Records for this exercise section start

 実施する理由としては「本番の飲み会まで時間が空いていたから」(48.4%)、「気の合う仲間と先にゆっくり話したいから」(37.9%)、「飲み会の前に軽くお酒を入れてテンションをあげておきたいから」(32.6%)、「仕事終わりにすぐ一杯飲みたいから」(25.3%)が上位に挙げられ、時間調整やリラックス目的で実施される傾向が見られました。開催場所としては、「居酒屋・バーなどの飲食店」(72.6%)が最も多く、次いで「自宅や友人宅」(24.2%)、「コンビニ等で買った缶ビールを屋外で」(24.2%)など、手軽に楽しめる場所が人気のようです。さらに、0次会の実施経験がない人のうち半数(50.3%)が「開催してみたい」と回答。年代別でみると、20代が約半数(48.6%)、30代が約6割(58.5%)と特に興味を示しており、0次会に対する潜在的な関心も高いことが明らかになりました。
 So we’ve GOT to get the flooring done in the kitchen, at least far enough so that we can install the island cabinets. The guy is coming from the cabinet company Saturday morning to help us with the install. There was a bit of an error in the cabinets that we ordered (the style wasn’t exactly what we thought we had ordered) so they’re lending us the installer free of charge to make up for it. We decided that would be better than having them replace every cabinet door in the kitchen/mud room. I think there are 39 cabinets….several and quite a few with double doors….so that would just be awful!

Records for this exercise section end
Records for this exercise section start

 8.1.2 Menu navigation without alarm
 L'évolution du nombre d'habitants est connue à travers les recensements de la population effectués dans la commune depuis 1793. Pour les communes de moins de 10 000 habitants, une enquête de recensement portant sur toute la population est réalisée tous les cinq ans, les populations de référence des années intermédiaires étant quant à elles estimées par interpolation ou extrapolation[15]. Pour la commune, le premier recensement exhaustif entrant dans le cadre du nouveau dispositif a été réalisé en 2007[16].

Records for this exercise section end

- _Prompt_
Only the lines above starting at the line that holds "8.1.2 Menu navigation without alarm" and ending at the line that holds "L'évolution du nombre" are to be repeated, exactly and in full.

- _Answer to this exercise_
 8.1.2 Menu navigation without alarm
 L'évolution du nombre d'habitants est connue à travers les recensements de la population effectués dans la commune depuis 1793. Pour les communes de moins de 10 000 habitants, une enquête de recensement portant sur toute la population est réalisée tous les cinq ans, les populations de référence des années intermédiaires étant quant à elles estimées par interpolation ou extrapolation[15]. Pour la commune, le premier recensement exhaustif entrant dans le cadre du nouveau dispositif a été réalisé en 2007[16].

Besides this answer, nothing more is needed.